Леди Эстер Мэри Кларисса Конингхэм-Брэдфорд имела характер, наводящий ужас на окружающих и сочетающийся с величественными манерами и стальной волей, не допускающей никаких возражений. С ней опасно было связываться, что быстро уяснили женщины, желавшие выйти замуж за ее отца. Но она также обладала шармом, позволяющим ей с легкостью влезть любому в душу, если, разумеется, ей того хотелось. Единственно кем она не могла манипулировать, так это своим собственным отцом, но за это она любила его еще больше. Эстер с восторгом подчинялась его воле, более сильной, чем ее собственная. Он стал смыслом ее жизни, Следом за ним шел Эрун.

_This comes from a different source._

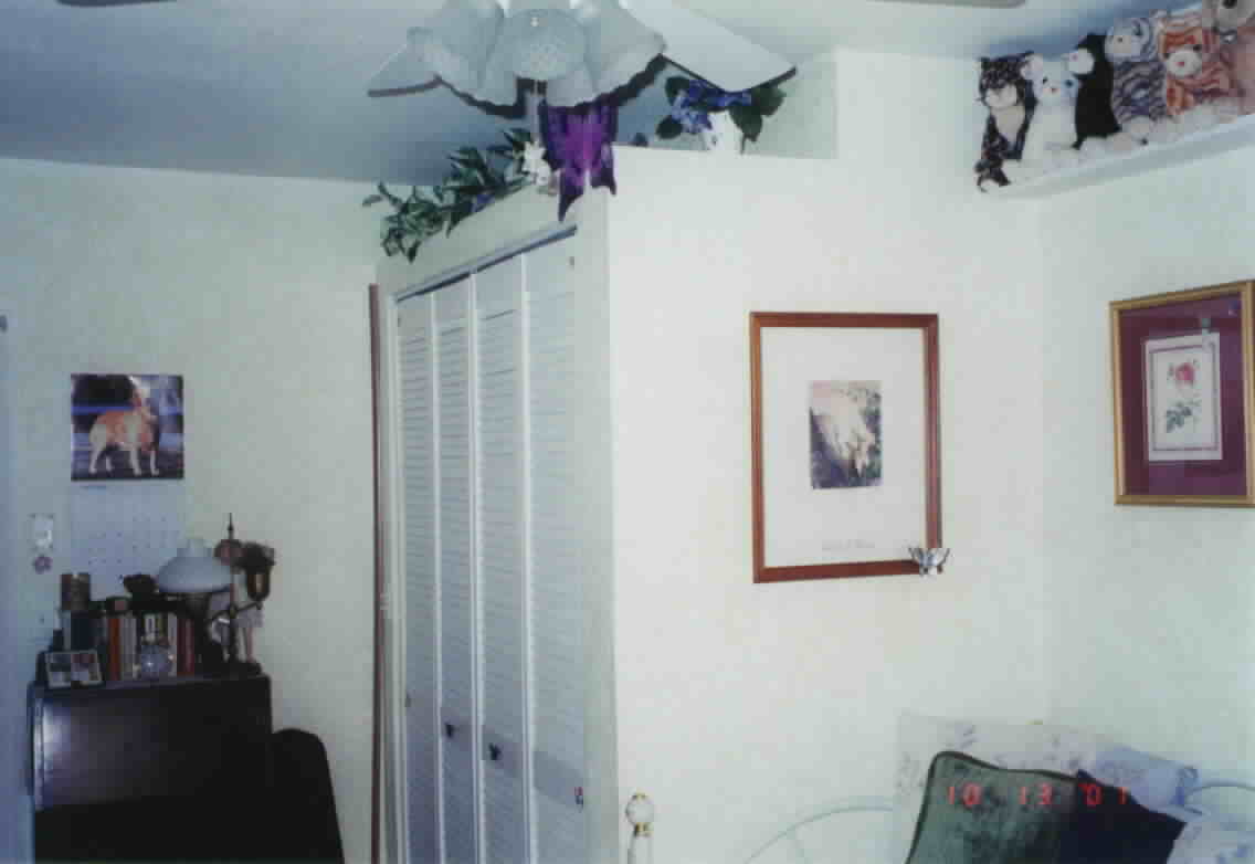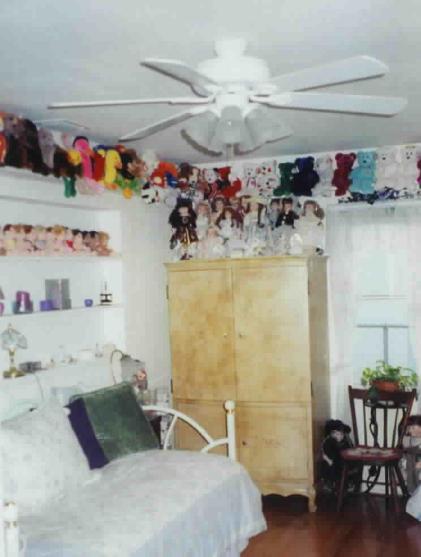 Here is the same room after painting and installation of shelving and curtains. The medium green over pale green ragging on the walls results in a soft, relaxing color, and complements the comforter on the new day-bed. When not in use, the owner's stereo and bedroom TV are hidden inside an older curved front armoire. The concrete floor was covered in new oak hardwood flooring. Additional shelving near the ceiling, painted in the same pale green used on the walls, was added to hold an extensive stuffed animal collection. A ceiling fan with appropriate lighting helps complete the look. Another view of the room is below, looking back the other direction. Rope lighting was laid on the top of the closet behind the silk flowers to provide accent lighting.
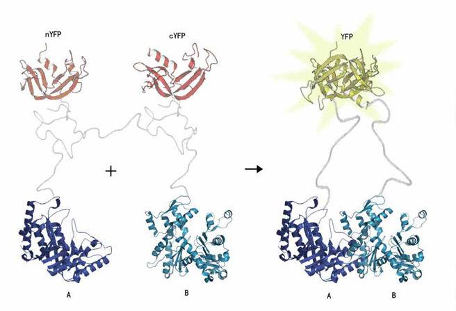同时2有个单独的名字——双分子荧光互补技术(Bimolecular fluorescence complementation,简称BiFC),将荧光蛋白分割成两个不具有荧光活性的分子片段,再分别与目标蛋白连接。若两个目标蛋白因为有相互作用而接近,就使得荧光蛋白的两个分子片段在空间上相互靠近,重新形成活性的荧光基团而发出荧光。

Эстер гордилась своими предками и их поместьем из мрамора, которое возвышалось в их округе графства Суссекс на много миль окрест. Оно было огромным и таким же роскошным внутри, как и снаружи: масса позолоты и резьбы, огромные фрески, чеканка, мраморные полы. Широкие коридоры уставлены мраморными статуями, а мебель раблезианских размеров затянута алым бархатом; стены завешены громадными картинами кисти Тициана, Веронезе и Караваджо, изображениями рубенсовских обнаженных красавиц.
Эстер управляла всем. Каждое утро делала обход вместе со слугой и экономкой, причем начинала со слуг, выстраивавшихся в ряд специально для такой инспекции в большом холле. После этого она совещалась с экономкой, одобряла меню на день, принимала слугу, ведавшего винами, и давала указания дворецкому.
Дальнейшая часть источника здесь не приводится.